Exactly the lines from the line with "International Standard IS0" through the final line of the records below, both ends included, are to be set down. Do not include pictures.

++++ DATA EXTRACT ++++

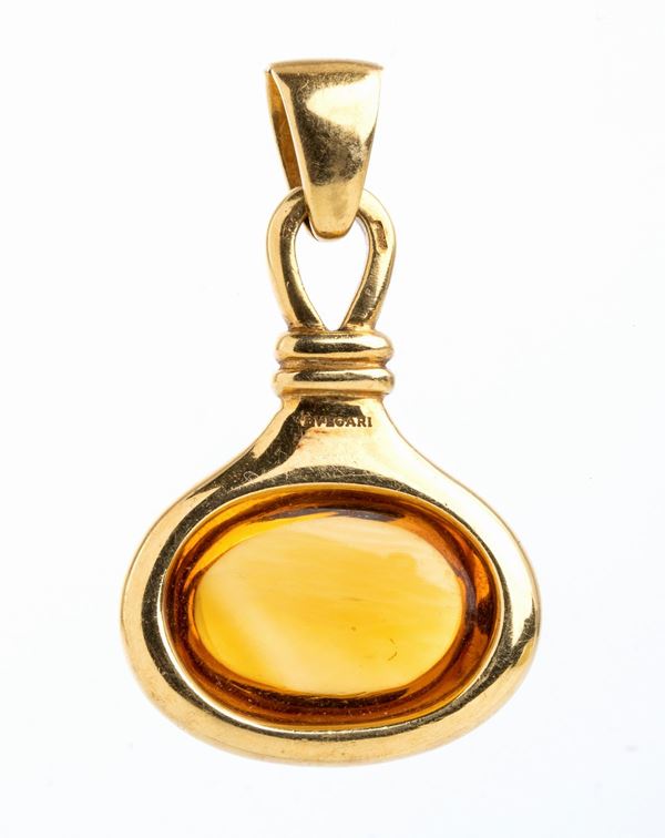 in oro giallo 18k, incastonato con cabochon di quarzo citrino. Firmato BVLGARI.
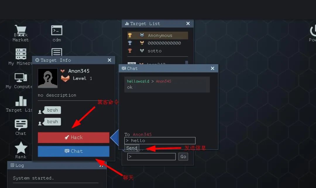 这个时候你可以选择发送下消息调侃下机器人,然后我们要输入黑客命令,选择Hack,然后选择端口,如图:
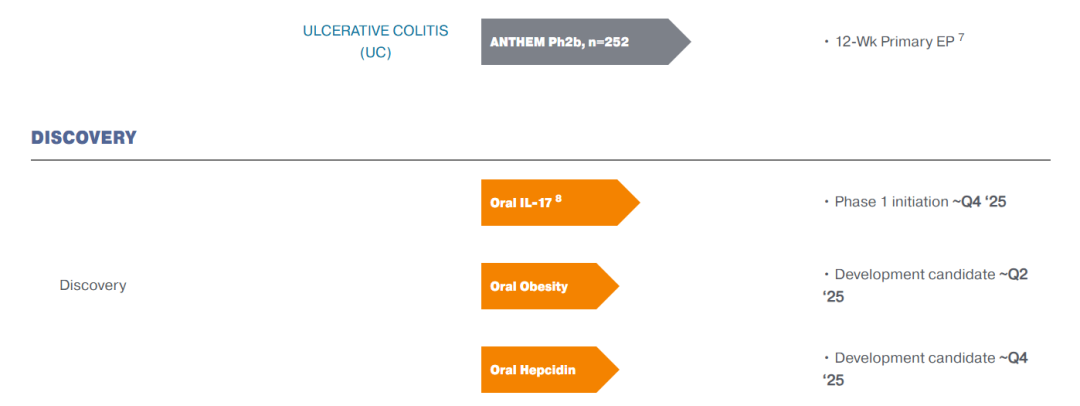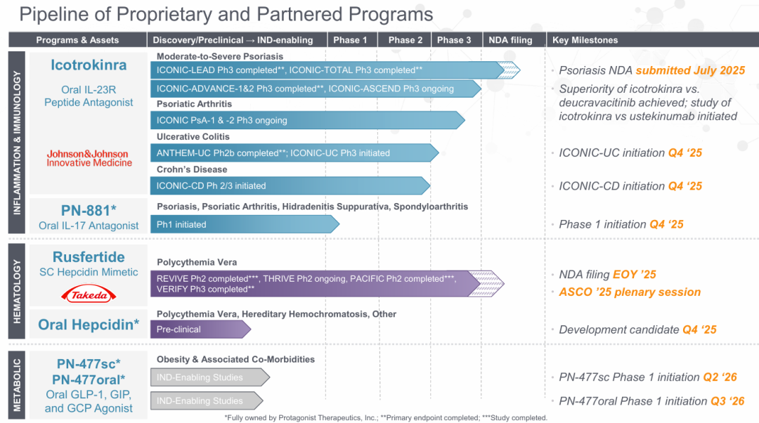 除了这两个项目外,Protagonist还有一种处于早期开发阶段的口服IL-17药物、一个临床前口服铁调素项目和两个临床前GLP-1候选药物。
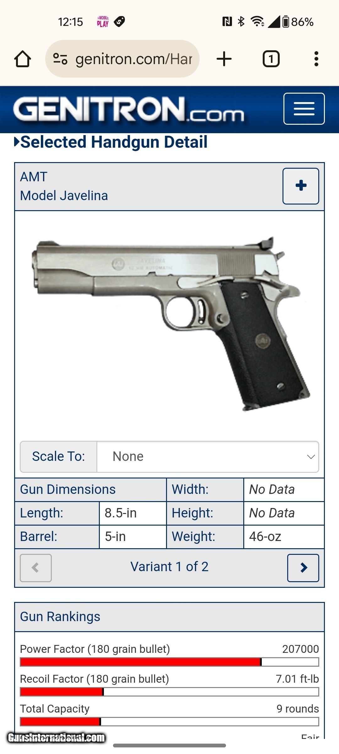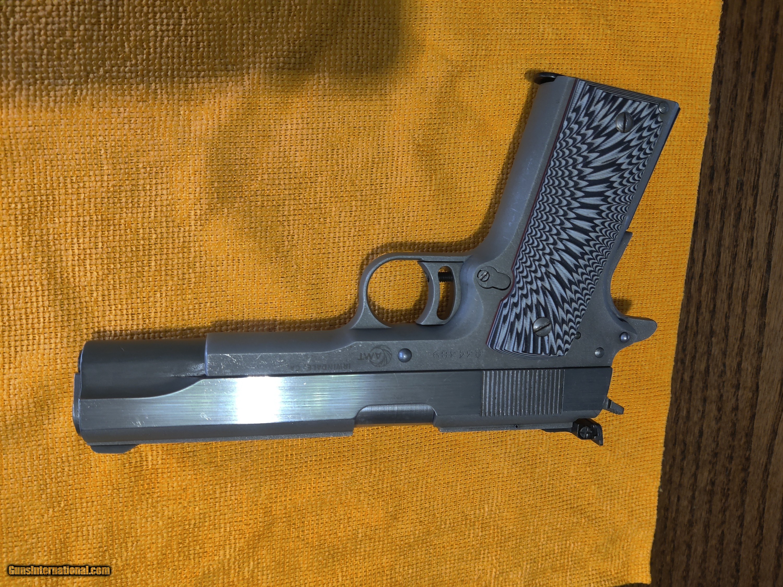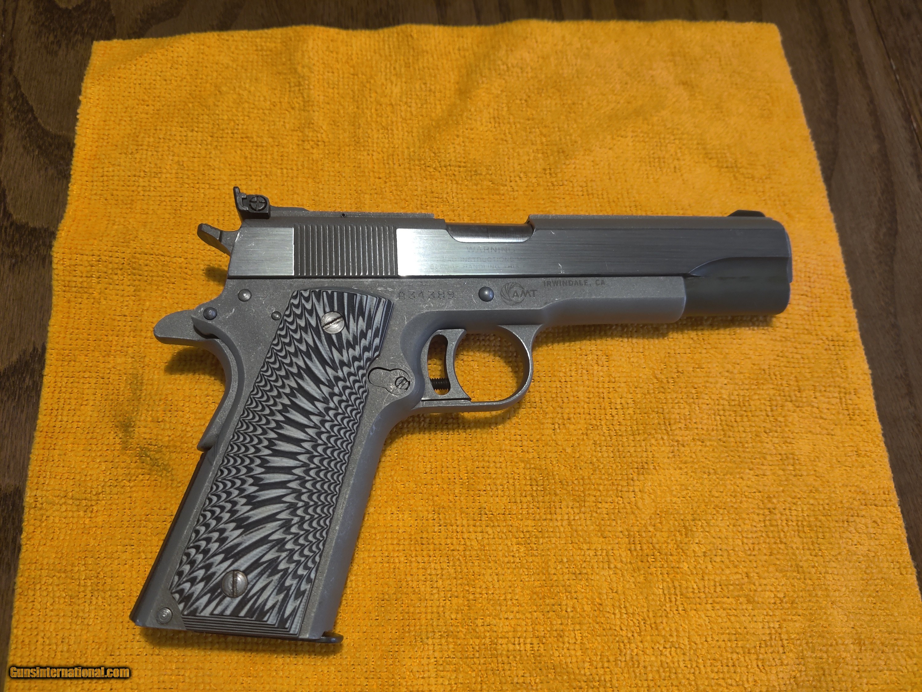 Description: Made one year only 1996 AMT javelina excellent condition fires flawlessly perfect boar no scratches or dents custom grips 10 mm auto free shipping Make an offer negotiable beautiful stainless steel as far as I can tell this is the only one for sale anywhere extremely rare also fires 40 caliber every available option is on this pistol extended slide release extended safety extended dovetail safety adjustable trigger SOLD Handgun Caliber: 10mm Auto Manufacturer: Amt Model: Javelina Condition: Excellent Metal Condition: Excellent Bore Condition: Excellent Triggers: Adjustable |
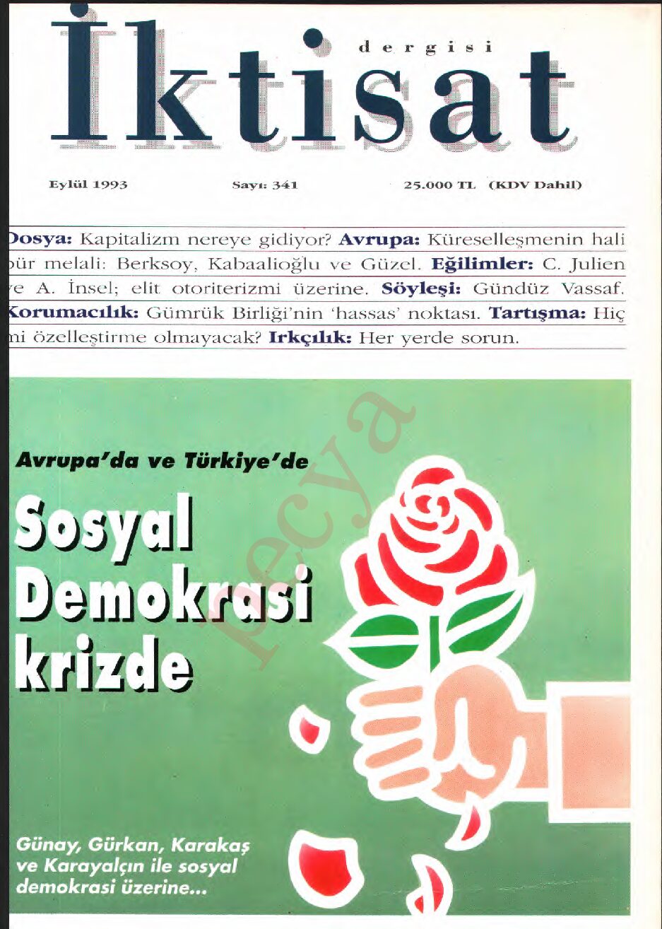 İktisat Dergisi 341.sayı – Eylül 1993-Sosyal Demokrasi Krizde İÇİNDEKİLER Sosyal Demokrasi Krizde Güller Neden Soluyor? Sosyal Demokrasinin Varoluş Bunalımı “Boşa Koydum Dolmuyor” “Kriz, Muhafazakarların İddiasıdır” …
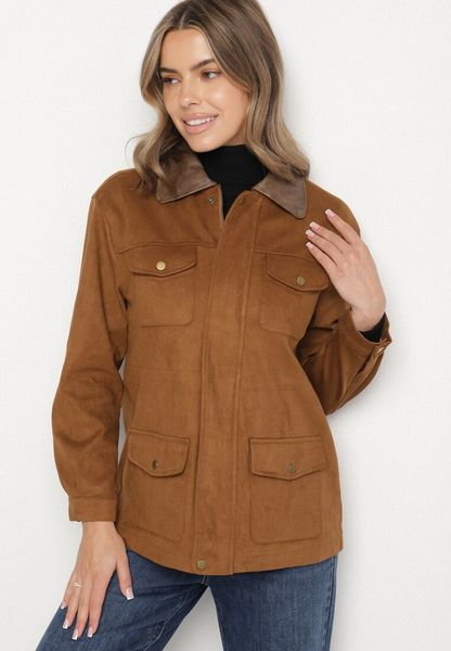 Brązowa Kurtka Koszulowa z Imitacji Zamszu z Kontrastującym Kołnierzem Raliandra
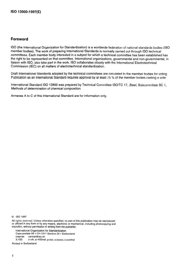 International Standard IS0 13900 was prepared by Technical Committee ISOFC 17, Steel, Subcommittee SC 1,
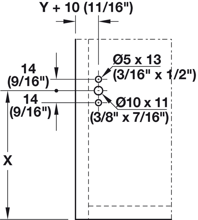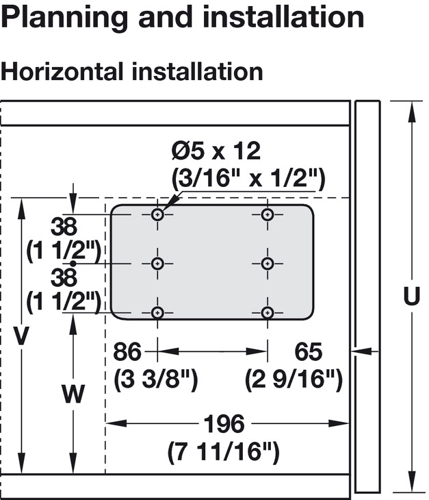Internal cabinet depth: min. (7-11/16") 196 mm (horizontally), min. (4-5/16") 110 mm (vertically)
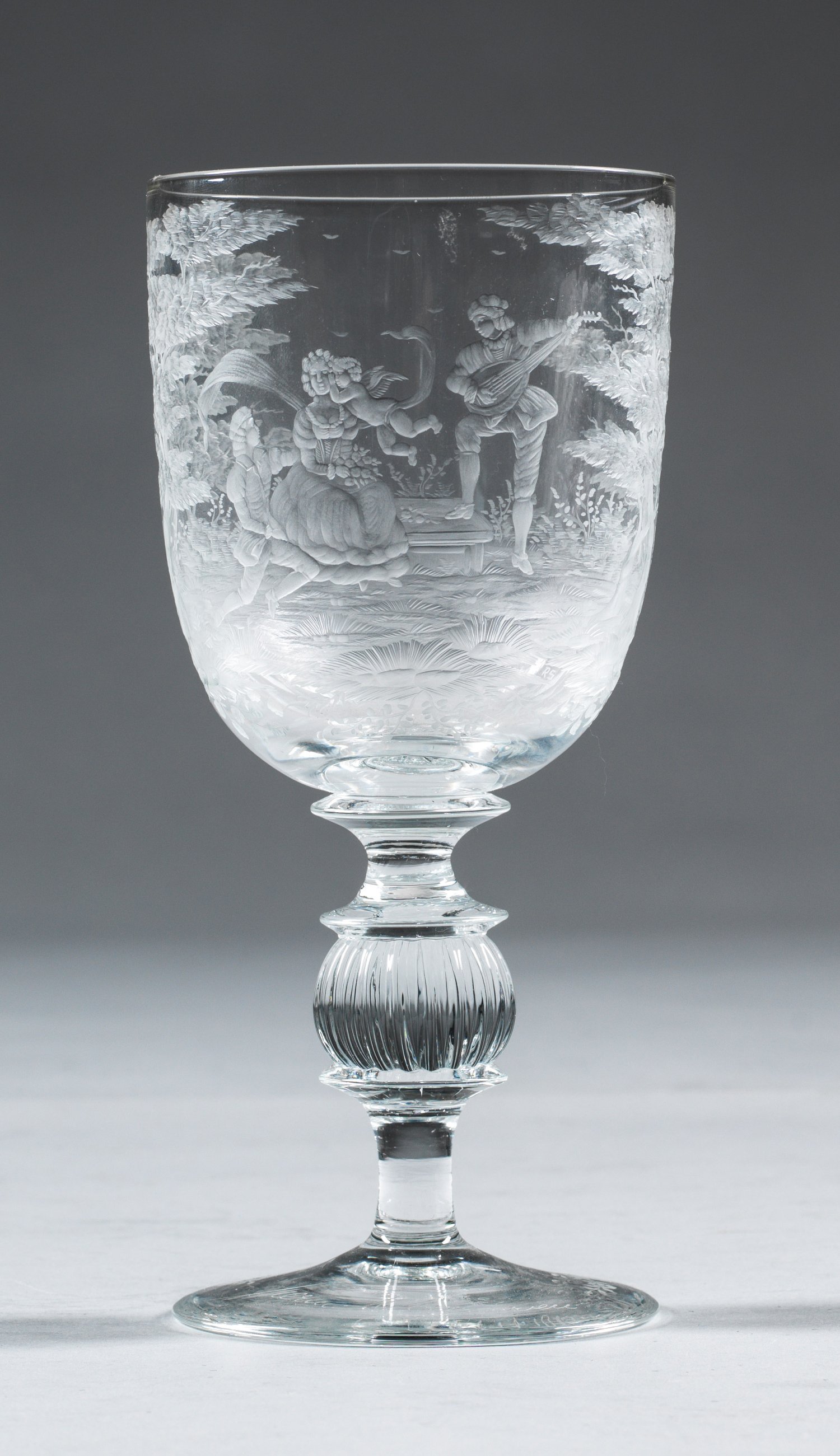 Farbloses Kristallglas. Scheibenfuß, Balusterschaft mit godroniertem Kugelnodus, ovoide Kuppa. Fein geschnittener Dekor mit sitzender Dame und Amor, umworben von einem Galant und einem Lautenspieler. Monogramm "RS" u. dat. 1977, am Fuß Dedikation. H. 20,5 cm.

++++

### ANSWER BOX
 International Standard IS0 13900 was prepared by Technical Committee ISOFC 17, Steel, Subcommittee SC 1,
Internal cabinet depth: min. (7-11/16") 196 mm (horizontally), min. (4-5/16") 110 mm (vertically)
 Farbloses Kristallglas. Scheibenfuß, Balusterschaft mit godroniertem Kugelnodus, ovoide Kuppa. Fein geschnittener Dekor mit sitzender Dame und Amor, umworben von einem Galant und einem Lautenspieler. Monogramm "RS" u. dat. 1977, am Fuß Dedikation. H. 20,5 cm.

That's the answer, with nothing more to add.